Speaker
Description
In-Orbit Servicing and debris removal are two of the most important emerging sectors of the space industry. The ever-increasing amount of space debris necessitates the development of debris removal, servicing, and life extension capabilities. These capabilities rely heavily on novel Guidance, Navigation and Control (GNC) technologies, notably Vision Based Navigation (VBN) using visual and depth sensors such as cameras or LIDAR to approach a target. VBN employs a variety of Image Processing (IP) algorithms such as Feature Tracking and Model Matching.
The high reliability requirements of space missions call for intensive testing and validation of these algorithms. This can be best achieved by testing the algorithms in real scenarios close to the final use case, which is impossible before launch. Thus, projects often rely on artificial data to test their IP algorithms, both rendered synthetically and collected in a laboratory.
The first approach consists of rendering the images a sensor would produce of the target and environment using physically and radiometrically accurate models. Multiple problems are associated with this approach. Firstly, even slightest deviations in chosen parameters between the simulation and reality can lead to high losses in representativeness. Secondly, running these rendered environments repeatedly is extremely computationally intensive and thus time consuming.

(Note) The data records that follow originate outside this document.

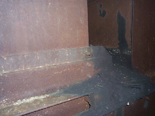 | Here, if you look closely, you can see the remains of a birds wing. This was probably a pigeon. This is our second encouter with oddly-placed birds that don't seem to have been able to get where they are and then died and then stayed there. The bird is buried in a dark-gray dust that infested the entire place. |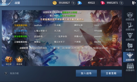 (5)战盟联赛:这里是不同战盟进行角逐较量的地方,证明自己战盟比其他战盟更加强大,胜者会有丰厚奖励。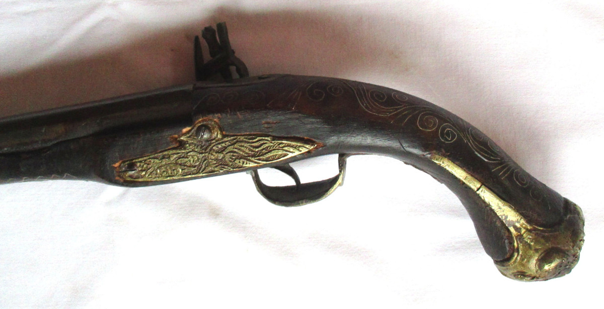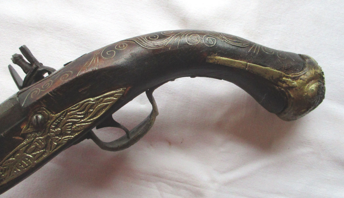 Vorderlader, Steinschloss - Pistole Steinschlosspistole, mit Messing.- oder Silberfaden Einlagen, und sonstigen Messing - Applikationen. Hahn lässt sich bewegen, rastet aber nicht ein. Schöne alte Deko – Waffe, aus Nachlass. Gesamtlänge ca. 50 cm. Frei ab 18. Jahren. Zustand siehe Foto.

The laboratory approach consists in taking images of a physical mock-up of the target with a real visual sensor in a specialised facility. This approach allows to use the flight sensor and thus produce more representative data.
This comes at the expense of a high effort associated with making a realistic mock-up and recreating the illumination conditions. Additionally, this approach suffers from a highly time-consuming image acquisition process, thus yielding a limited amount of data.
This project is exploring an innovative solution to augment a sensor dataset by employing the images in the dataset itself. This data-driven solution involves performing image transformations of the existing data to yield additional points of view not contained in the original dataset. This has the potential to allow a user to perform a single open-loop image rendering or acquisition campaign, and then run closed-loop tests completely digitally. Thus, vastly enhancing the usability of any existing dataset. We present the principles behind this approach, evaluate its capabilities of representing a new point of view and compare the results with synthetic data.